Skip URL`s vs. Server/Directory/Filename Filters

Author Message
Brad Konia 12/01/2004 09:22 am
Can you please explain the difference (if any) between entering a full or partial URL in the "Skip URL`s box" and using the Server/Directory/Filename filters to enter an equivalent URL?

For example, suppose I wanted to prevent OE from spidering any page on www.somedomain.com. As I understand it, I could accomplish this by entering:

http://www.somedomain.com

in the Skip URL`s box

However, couldn`t I also accomplish the same thing by creating a Server filter with the keyword "www.somedomain.com"?
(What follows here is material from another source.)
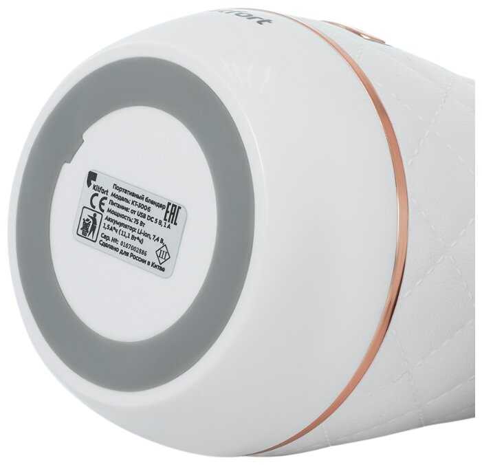 - + В настоящее время очень актуальным для всех стал здоровый образ жизни. Поскольку я довольно большое количество времени провожу на работе, для меня был актуальным вопрос полезного и правильного перекуса. Я просто обожаю вкусные смузи и детокс-коктейли, а блендер позволяет приготовить их без больших временных затрат. Искала небольшой портативный блендер для этих целей. Свой выбор остановила на фирме Kitfort. Модель KT-3006. Чем меня привлекла данная модель?! 1) девайс имеет маленькие размеры и помещается в сумке. 2) современный и стильный 3) встроенная бутылочка для транспортировки приготовленного напитка. 4) удобная система трансформации: сама бутылочка и часть блендера с ножами завинчиваются крышками, что добавляет удобства при транспортировке и эстетики. 5) корпус блендера выполнен из качественных материалов, а также интересна дизайнерская задумка самого корпуса блендера ( выполнена под искусственную стеганую кожу). Блендер имеет USB разъем для зарядки. В комплекте правда только шнур, без самой вилки. Но, я даже не отношу это к минусам, поскольку сейчас в каждом доме можно найти такую вилку. Само отверстие для зарядки закрывается резиновой заглушкой, что предотвращает попадание пыли и влаги. Как видите, все технически продумано. Моется блендер достаточно легко. Самое главное не залить порт зарядки. Но, поскольку блендер имеет функцию самоочистки, достаточно лишь сполоснуть нож водой для удаления остатков пищи или протереть нож влажной тряпкой. Сама чаша и крышки изготовлены из экологического пластика. Не смотря на миниатюрные размеры, блендер достаточно шустрый для такого малыша. Скорость вращения лезвий достигает 15000 об/мин. Вес составляет всего лишь 540 грамм. Время зарядки составляет около 2 часов. Время автономной работы весьма внушительное. Очень удобно брать с собой в фитнес зал или путешествие.
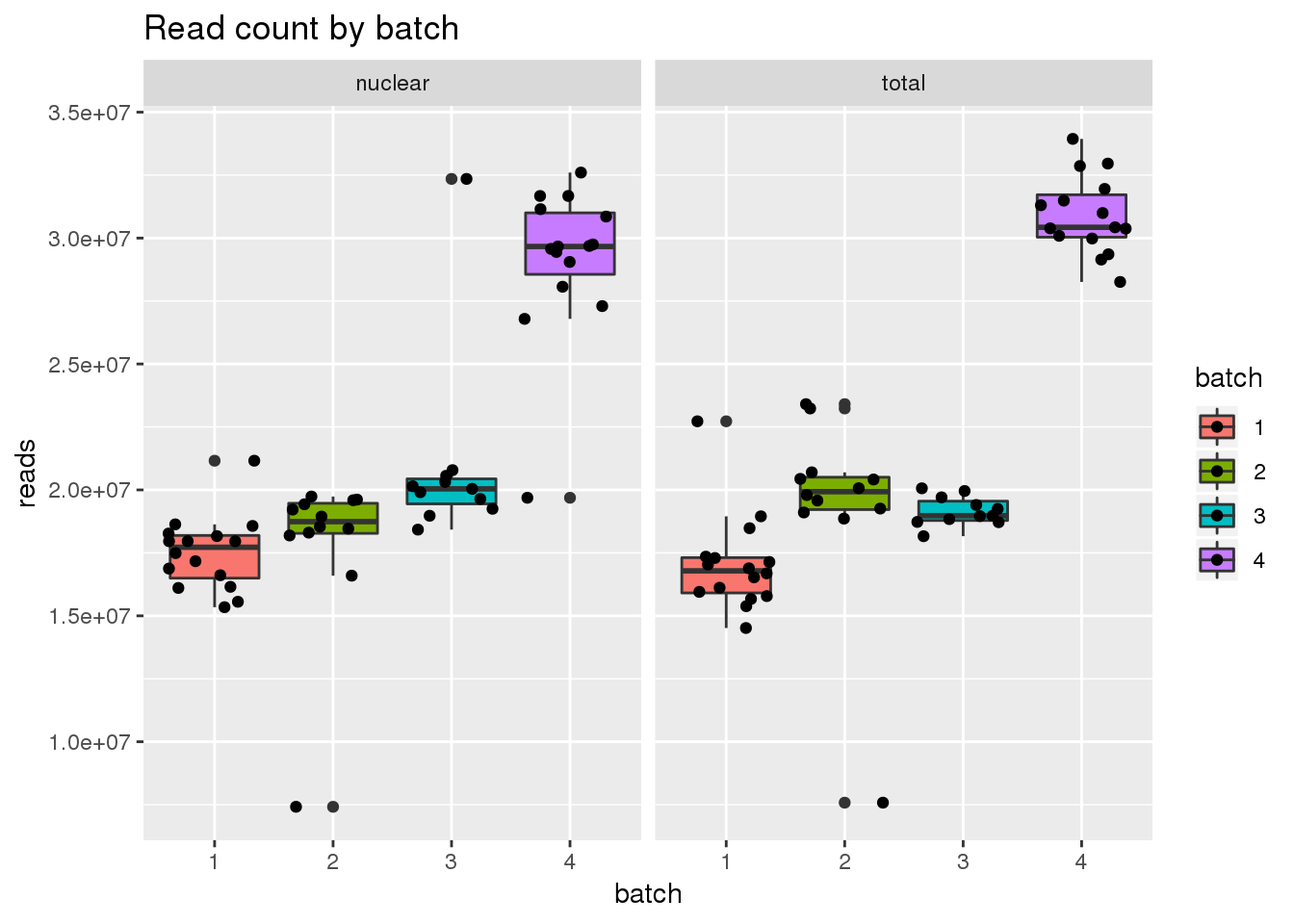 ggplot(metadata, aes(x=batch, group=batch, y=reads, fill=batch)) + geom_boxplot() + geom_jitter() + facet_grid(~fraction) + labs(title="Read count by batch")

Is there any difference between these two methods?
Oleg Chernavin 12/01/2004 10:38 am
The Skip URLs box should contain:

http://www.somedomain.com/

- please pay attention to the ending slash.

Excluded server keywords should contain:
www.somedomain.com

and it will do exactly the same - stop downloading anything on the specified server. The difference is that the Skip URLs accepts only full URLs to be skipped, while other URL Filters sections can use keywords (parts of URLs with wildcards, etc.)

The reason to add Skip URLs feature was to make processing long lists of exclusions really fast while downloading files. Keywords take much more time to process.

Best regards,
Oleg Chernavin
MP Staff
Brad Konia 12/01/2004 12:55 pm
> and it will do exactly the same - stop downloading anything on the specified server. The difference is that the Skip URLs accepts only full URLs to be skipped, while other URL Filters sections can use keywords (parts of URLs with wildcards, etc.)

OK, just to clarify:

When you say that it will "stop downloading" does this mean that it will stop spidering the site entirely, or will it continue to spider the site as per the Level setting, but not save the excluded pages?

For example:

* Suppose I enter http://www.somedomain.com/index.htm in the Skip URL`s box and suppose that page contains a link to http://www.anotherdomain.com.

* Now, further suppose that OE comes across a page that contains a link to http://www.somedomain.com/index.htm

I realize that it won`t download the somedomain.com page. However, will it still parse that page and follow the link to anotherdomain.com, or will it ignore the somedomain.com page entirely and not spider any of its links?
Oleg Chernavin 12/02/2004 06:59 am
It means that it will not follow (download) the links that are not allowed for the download (excluded).

Oleg.